You should also contact your lawyer (if you had one) on the house purchase.  If you did not have a lawyer for the transaction, ask you real estate broker for a recommendation.  You need to get advice on what recourse (if any) you have against the seller.   Depending on the law of your state, certain conditions must be disclosed if the seller was aware of the problem.   Latent defects are not necessarily covered, but this is worth looking at.  It should not take him more than two hours of time to figure this out and make some calls.  Tell him that when you hire him.  Depending on his initial evaluation you can decide if it is worth going after the seller.

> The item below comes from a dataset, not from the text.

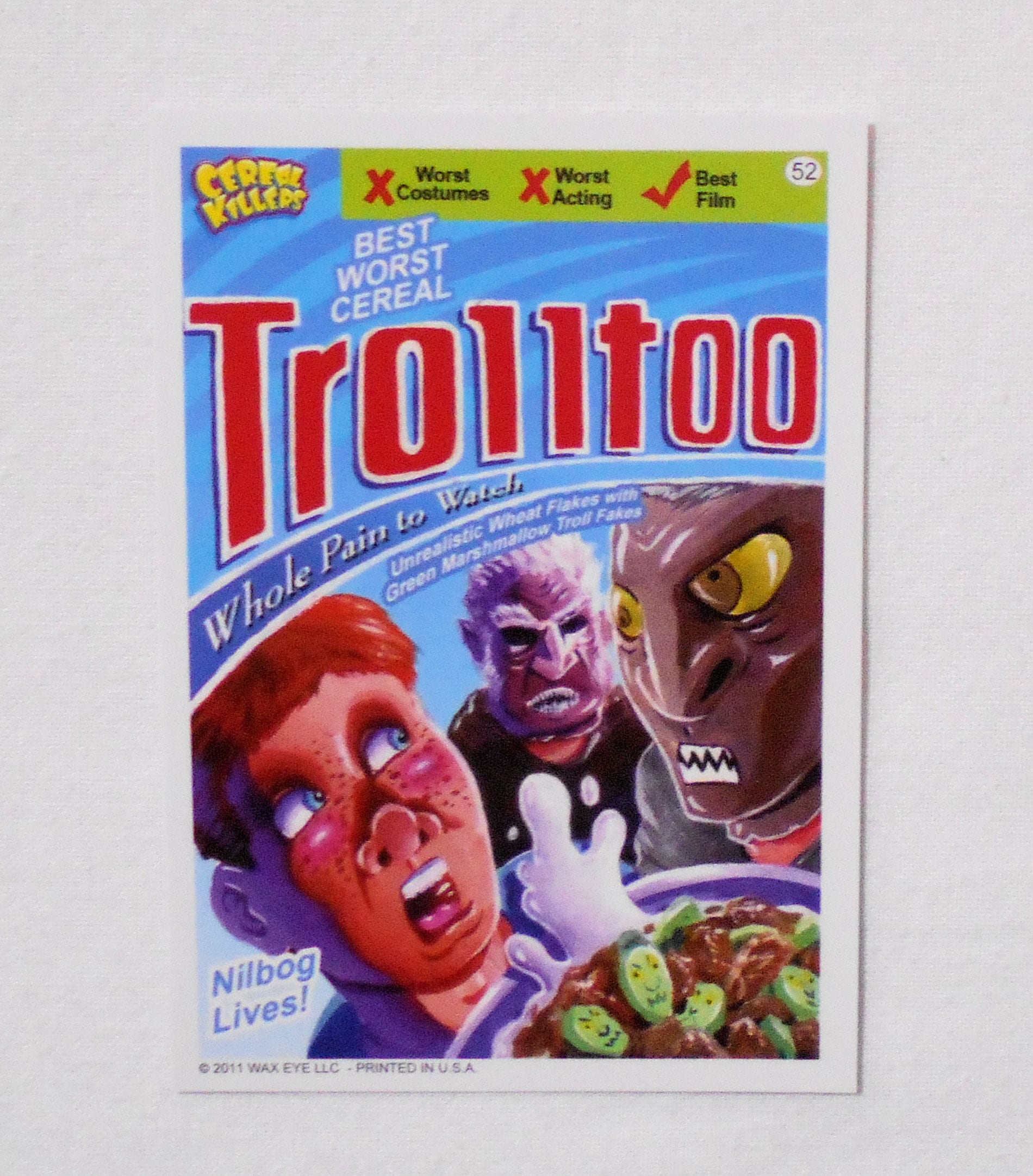 【NO.52 TROLL TOO [CEREAL KILLERS TRADING CARDS 1st SERIES]】◆元ネタとなった映画もシリアルも分かりませんでした。◆大きさ約9×6.5センチ◆COPYRIGHT 2011 WAX EYE LLC ALL RIGHT RESERVED◆PRINTED IN USA

Also, before you do anything, you should contact your insurance agent and go over your homeowners policy.  Although many policies are now excluding or limiting coverage for mold, this is worth investigating.  You may have to include your lawyer on this as well.  Good luck.


----------



## mikemeier (Sep 26, 2008)

You could also try a mail in mold test kit. Most home centers sell them. It will at least tell you what kind of mold you have. Some aren't as bad as others, but all will usually affect allergies and asthma.


----------



## mooie (Nov 8, 2008)

I am just going thru the same thing myself altho limited to a wall between the bathroom and bedroom. Most likely I will come across more as I get deeper into the house, but this is as far as I've gone. The previous owners claimed no knowledge, of course, so I had to turn to my insurance co. who sent in a remediation company and after I had the source of the problem fixed, they tore out all the affected drywall, removed insulation, cleaned all the affected wood and sprayed them with something? Then I had 48 hours of negative fans running in the back end of the house before I could get the drywaller in to repair. This is just the beginning of undisclosed things I found in the house, (such as rotted boards along the sill and asbestos pipe wrap in the crawl space) and altho it probably won't do me a darn bit of good, I have contacted a lawyer to see if I have any recourse. 

Teresa


----------